We are pleased to share the latest improvements in Tamr Cloud, including significant improvements to source dataset management, a new connection to AWS S3 for source data, and the ability to create new entities from source records in Curator.

Centrally Add and Manage Source Datasets

In the Admin > Sources app, you can now centrally add and manage all source datasets. Use this new feature to add source datasets to use in one or more mastering flows. For each source dataset, you can:

View the connection type and other metadata, as shown in the image below.
Select the number in the Rows column to open a dataset preview.
Select the number in the Used By column to see which entity types are using the dataset.
Select More to edit, delete, refresh, or share the dataset with other users.
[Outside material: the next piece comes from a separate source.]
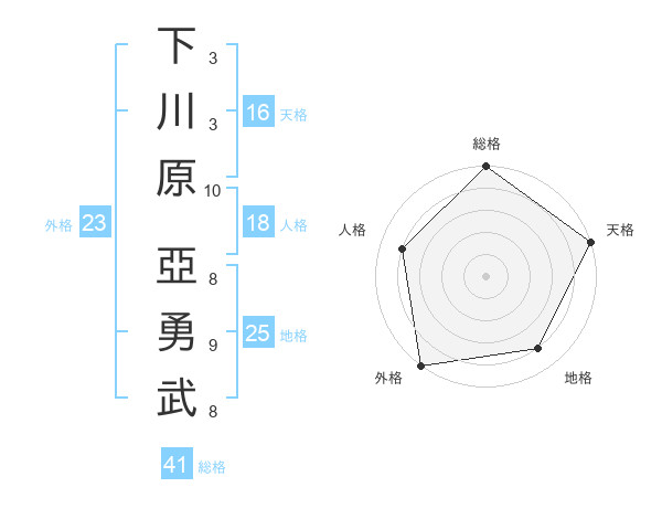 下川原 亞勇武さんの総格は41画の5点!

Sources app with several source datasets

Existing sources used in mastering flows will remain available and your flows will continue to run. Add any new source datasets in Admin > Sources.

Tamr will contact customers to assist with migrating existing source datasets used in mastering flows to take advantage of this new feature. Contact us at [email protected] with any questions.
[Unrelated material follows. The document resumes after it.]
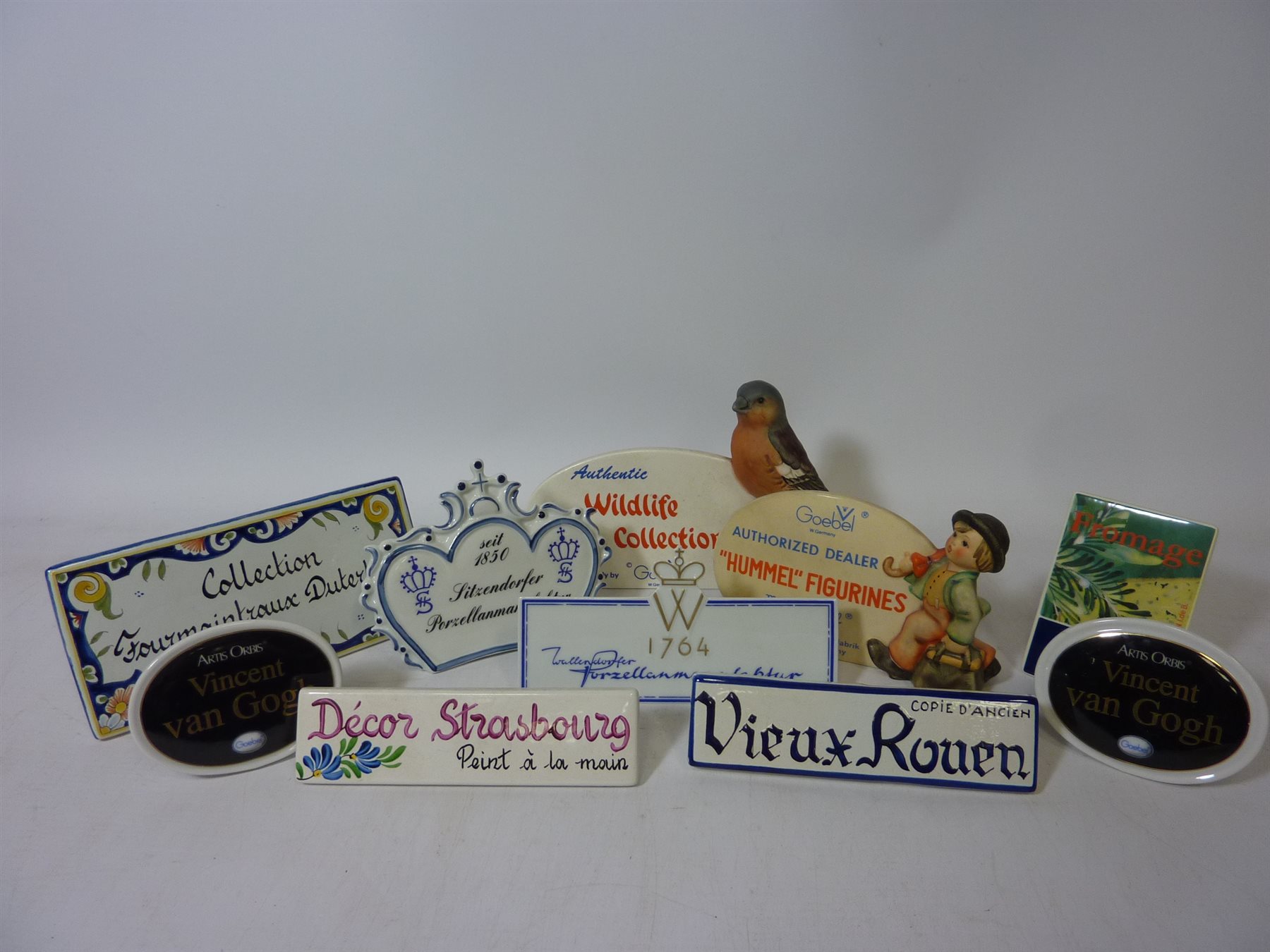 Ten ceramic advertising plaques - Goebel 'Wildlife Collection' and 'Hummel' Sitzendorf and seven others

See Managing Data Sources for more information on adding new source datasets and using them in your mastering flows.

Schedule Source Data Refresh

In Admin > Scheduler, you can now schedule recurring tasks to refresh source datasets. This task updates the dataset with the latest version of the data from its cloud storage location. In the example below, the Customer source dataset is scheduled to be refreshed every Monday at 6:00 am UTC. Once the data has been refreshed, the updated data is available for any mastering flows that use this dataset as a source.

Note: At this time, these tasks do not appear listed in the Jobs table.

1806 — Recurring task to refresh a source dataset

See Scheduling Recurring Tasks for more information.

Connect to AWS S3 for Source Data

You can now create connections to AWS S3 to add source datasets to Tamr Cloud. See Connecting to Cloud Storage Locations for more information.

Create New Entity in Curator

When reviewing the clustered source records for a mastered entity in Curator, you can now choose to create a new entity from one or more records, as shown in the image below. This feature is useful for situations in which clustered records do not represent the entity to which they currently belong or any other existing entity. The selected records will be shown in pending state until the mastering flow is run. When the flow is run, they will be moved out of their original entity cluster and into a new entity.

1307 — New Create option in the Source Record Override page in Curator

See Managing Entity Record Clusters for more information.

Patient Mastering Template

Use the Patient Mastering template to master patient data, delivering patient identity resolution across disparate sources and systems. The template provides enrichment for phone numbers and addresses, helping to ensure that you have the most complete and up-to-date information. This template is HIPAA-compliant, as it does not master PMI (Patient Master Index) data.

See Patient Mastering Template for more information.

Fixed Issues and Other Improvements

Our latest release of Tamr Cloud includes general usability improvements and bug fixes, as well as:

(Fix) Source dataset rows are dropped in the Designer mastering flow if the primary key is not unique. This issue has been resolved; users now see an error message and the flow fails if the primary key is not unique for steps that require a unique primary key.
(Improvement) Users can now add UTF-8 files with and without BOM markers as source datasets.

For the latest information on known issues, see Troubleshooting and Known Issues.